Common Table Expressions (CTEs) in InterSystems IRIS SQL
Abstract
Common Table Expressions (CTEs) provide a structured framework for defining reusable intermediate result sets within SQL statements. InterSystems IRIS implements CTEs via the WITH clause, enabling clearer query composition and modular analytical processing while remaining fully integrated with the IRIS cost-based optimizer.
This article explores the semantics of CTEs in InterSystems IRIS, explains their interaction with query optimization, discusses appropriate deployment scenarios, and presents executable examples illustrating practical patterns for production environments.
-
Introduction
Complex SQL workloads often require multiple logical processing stages (e.g., filtering, aggregation, enrichment, and projection). Without abstraction mechanisms, these operations often result in deeply nested queries that are difficult to interpret and maintain.

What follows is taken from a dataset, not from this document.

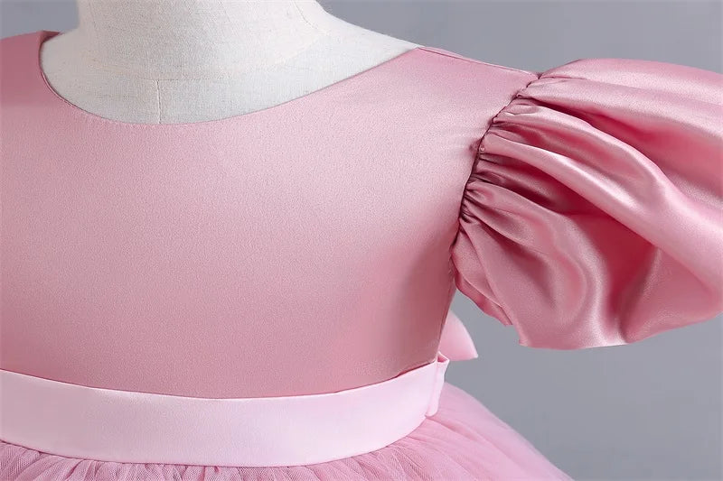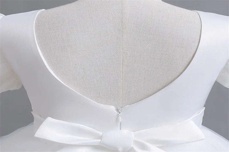 Girls White Cake Layers Dresses Kids Pull Sleeve Elegant Party Wedding Birthday Tutu Princess Vestidos Children Summer Clothes
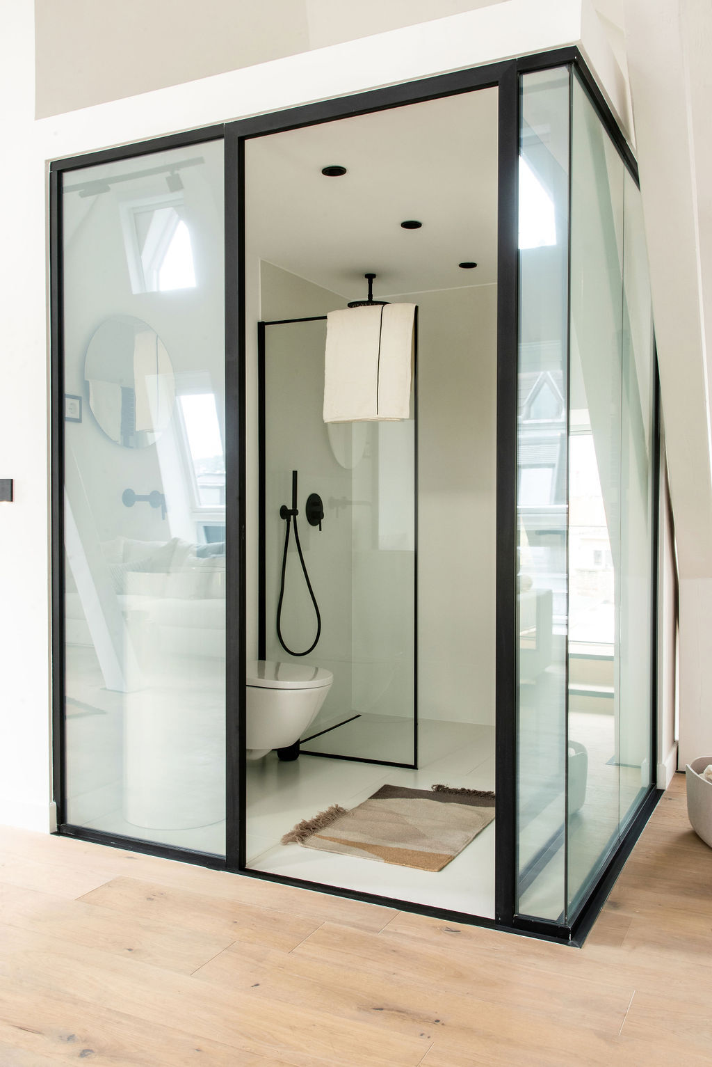 Intelligens üveg "kocka" fürdőszoba, mely szintén egyedülálló a budapesti ingatlanpiacon.

Common Table Expressions address this issue by allowing developers to define named query components evaluated within a single SQL statement.
In InterSystems IRIS, CTEs are implemented using the SQL WITH clause and operate as logical query expressions optimized alongside the surrounding statement [1].
2. Common Table Expressions in InterSystems IRIS
2.1 Definition
A Common Table Expression is a named subquery declared before a SELECT statement:
WITH PersonSubset AS (
SELECT ID, Name, Age
FROM Sample.Person
)
SELECT Name
FROM PersonSubset
To execute the example above, run the following statements:
CREATE TABLE Sample.Person (
ID INTEGER,
Name VARCHAR(100),
Age INTEGER
)
CREATE INDEX idx_person_name
ON Sample.Person (Name)
CREATE INDEX idx_person_age
ON Sample.Person (Age)
INSERT INTO Sample.Person (ID, Name, Age)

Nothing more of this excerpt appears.